*** Source data ***

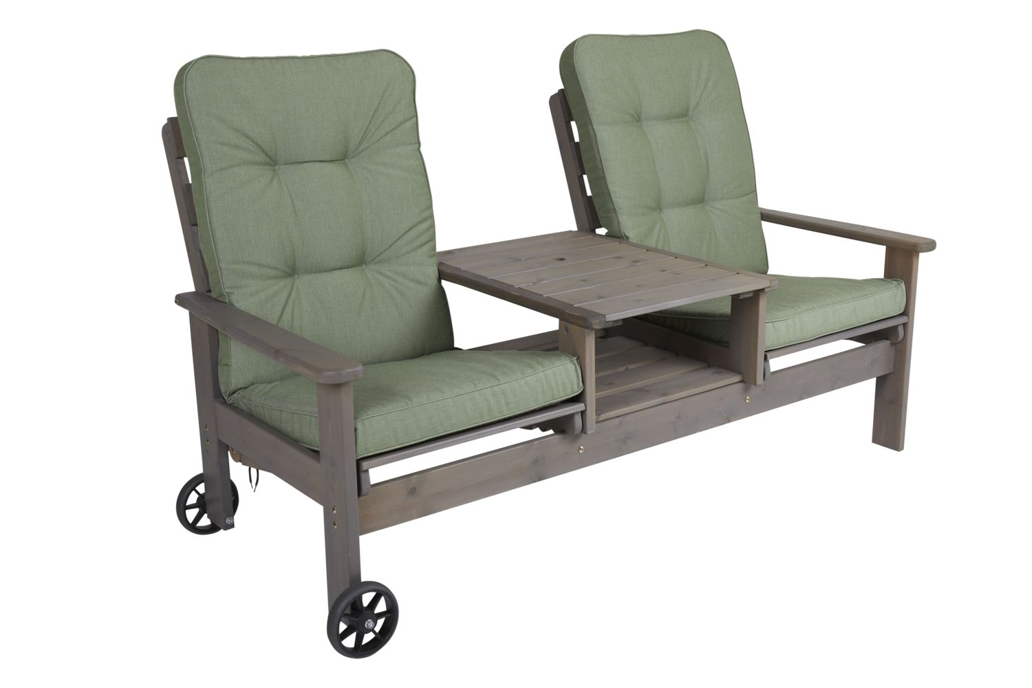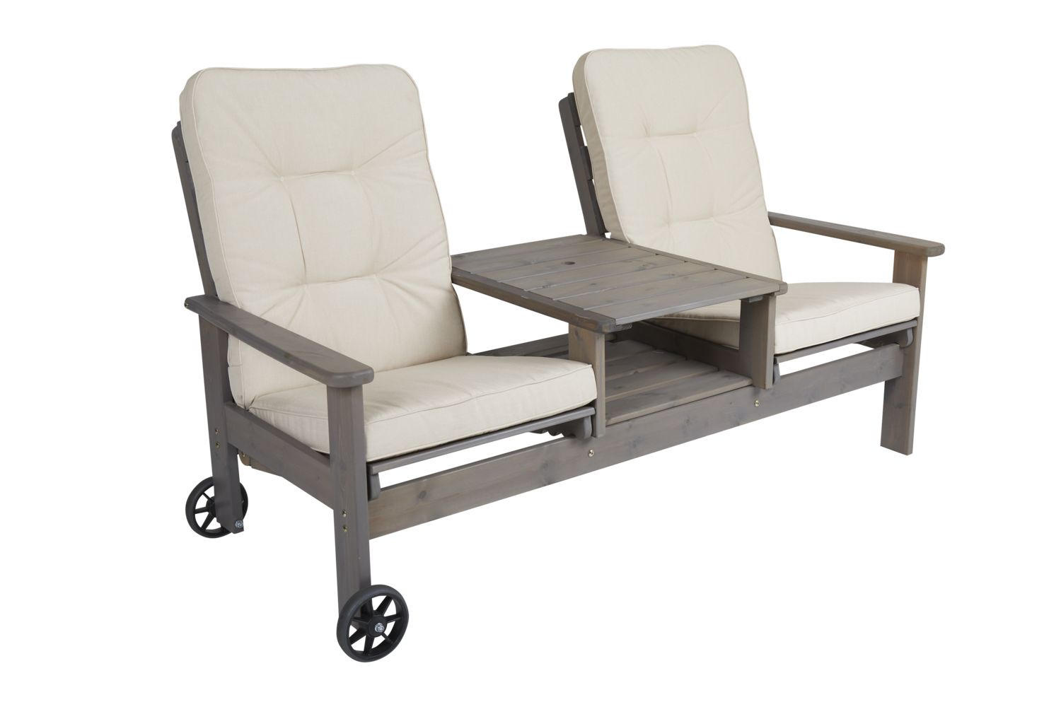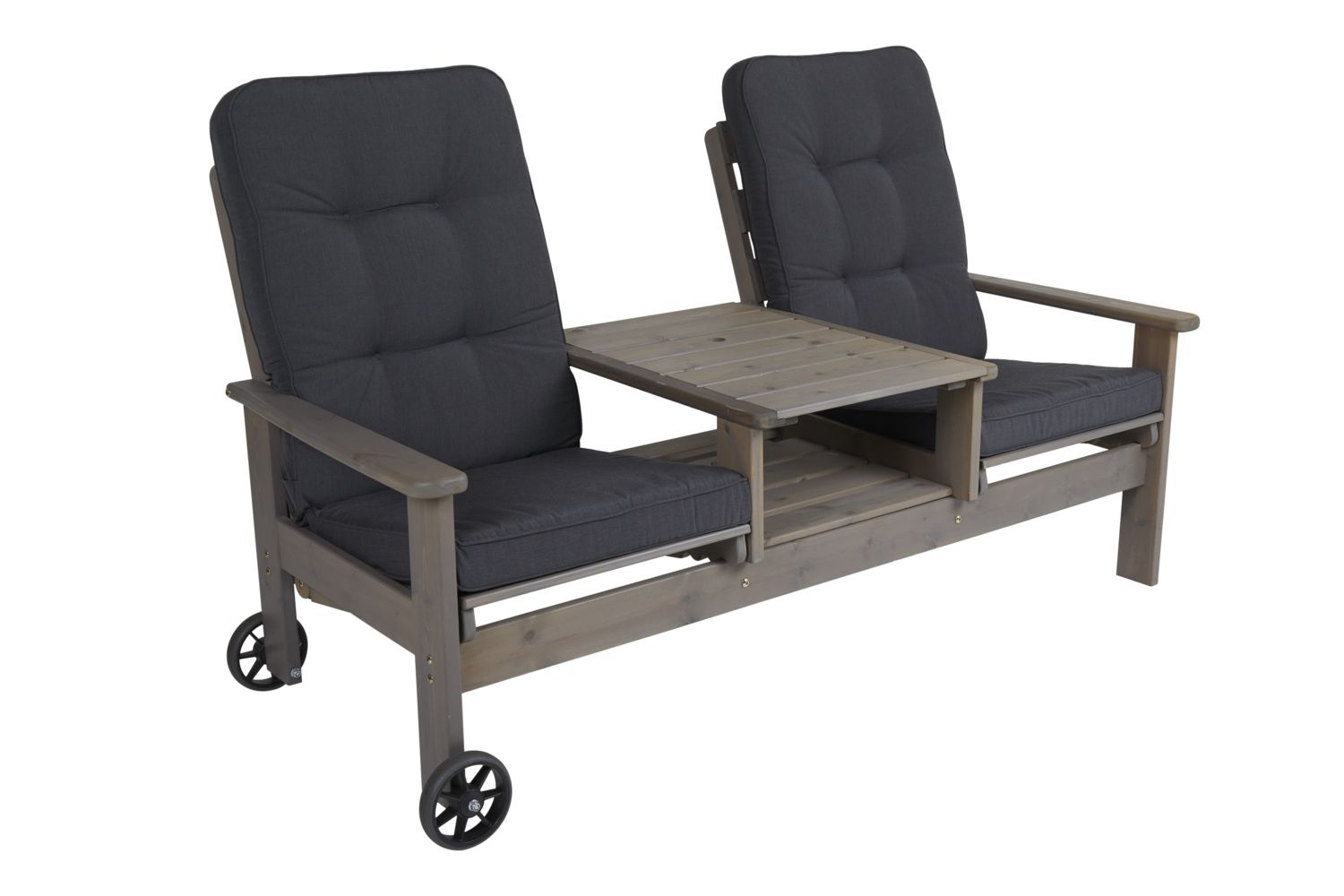 Das klassische Möbel für Zwei ist dreifach verstellbar und zum einfachen Platzieren mit Aluminiumrollen versehen. Komplettieren Sie z. B. mit dem Hochlehner Trento für zusätzlichen Sitzkomfort.
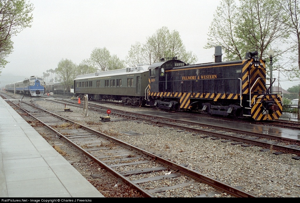 Santa Clara River Valley Railroad Historical Society's Railfest 2005 was held even though the skies opened up with a downpour. The railroad put a lot of equipment on display between the Southern Pacific's old wood frame depot and the town's large city hall. S6 #1059 may have worked this line back when it was still Southern Pacific's Santa Paula Branch, as the end-cab ALCO was originally SP #1059, delivered in July of 1956. Renumbered to #1226, it was sold to the Ventura Country Railroad, where it became #9, and worked not too far from here between Oxnard and Port Hueneme.
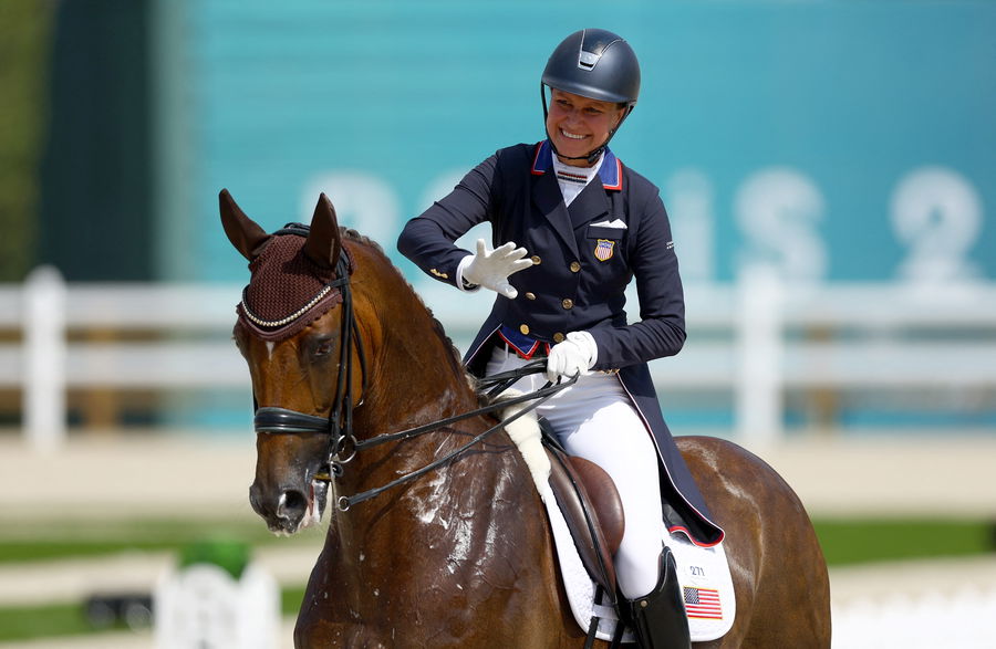Paris 2024 Olympics – Equestrian – Dressage Individual Grand Prix Day 1 – Chateau de Versailles, Versailles, France – July 30, 2024. Adrienne Lyle of United States riding Helix reacts after competing. REUTERS/Matthew Childs

***

| What the exercise asks |
Reproduce the data above in full, exactly as it is, with the pictures left out.

| Output below |
 Das klassische Möbel für Zwei ist dreifach verstellbar und zum einfachen Platzieren mit Aluminiumrollen versehen. Komplettieren Sie z. B. mit dem Hochlehner Trento für zusätzlichen Sitzkomfort.
 Santa Clara River Valley Railroad Historical Society's Railfest 2005 was held even though the skies opened up with a downpour. The railroad put a lot of equipment on display between the Southern Pacific's old wood frame depot and the town's large city hall. S6 #1059 may have worked this line back when it was still Southern Pacific's Santa Paula Branch, as the end-cab ALCO was originally SP #1059, delivered in July of 1956. Renumbered to #1226, it was sold to the Ventura Country Railroad, where it became #9, and worked not too far from here between Oxnard and Port Hueneme.
Paris 2024 Olympics – Equestrian – Dressage Individual Grand Prix Day 1 – Chateau de Versailles, Versailles, France – July 30, 2024. Adrienne Lyle of United States riding Helix reacts after competing. REUTERS/Matthew Childs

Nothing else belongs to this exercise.